No estoy malcriando a mi hijo, lo estoy amando.

Me saco del asiento trasero de nuestro coche de alquiler. He estado escondido allí con mi hijo de 9 meses, Henry, para evitar una crisis en un viaje de 20 minutos para conocer a mi amiga y sus dos hijos. Ella se muere de miedo cuando me ve.

"¿Te sientas en la parte de atrás con él todo el tiempo?" dice ella, incrédula. Sé cómo me veo: complaciente, indulgente, débil. Una vez hubiera pensado lo mismo. Pero después de perder a la hermana mayor de Henry, Susannah, a las 20 semanas de gestación, el padre pensé que desaparecería como el humo. El tipo de madre que pensé que sería le habría dicho a su hijo que se lo tragara: que un poco de incomodidad es saludable, que la independencia es más importante que la felicidad momentánea. Pero una vez que tuve a Henry en mis brazos, no me importó si lo mimaba con demasiada indulgencia. Simplemente lo amaba.

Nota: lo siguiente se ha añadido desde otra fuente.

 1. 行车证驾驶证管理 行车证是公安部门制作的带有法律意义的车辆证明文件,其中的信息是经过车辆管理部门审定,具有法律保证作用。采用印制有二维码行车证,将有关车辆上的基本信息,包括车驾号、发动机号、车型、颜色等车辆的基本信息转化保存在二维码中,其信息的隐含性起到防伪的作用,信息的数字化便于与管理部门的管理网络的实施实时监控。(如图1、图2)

Nuestro hijo tiene dos años ahora. Soy la madre que pensé que sería cuando le diera la devastadora noticia cada mañana de que no puede desayunar galletas, o cuando le quitara su querida caja de herramientas de juguete con el edicto: "No, gracias. No golpeamos a la gente con martillos". Pero cuando se trata de pequeñas comodidades que puedo proporcionar, doy libremente y con alegría. Se sienta en mi regazo en lugar de su asiento de refuerzo mientras come. Cuando se resiste a un baño, me subo con él para chapotear y acurrucarme.

Sin embargo, soy la madre que pensé que estaría segura de mis valores y elecciones, sin importar lo que piensen los demás, cuando le respondo a mi amigo: "Sí, me siento en la parte de atrás con él todo el tiempo", digo. Muy pronto, mi hijo pondrá los ojos en blanco cuando lo lleve a él y a sus amigos, o se irá.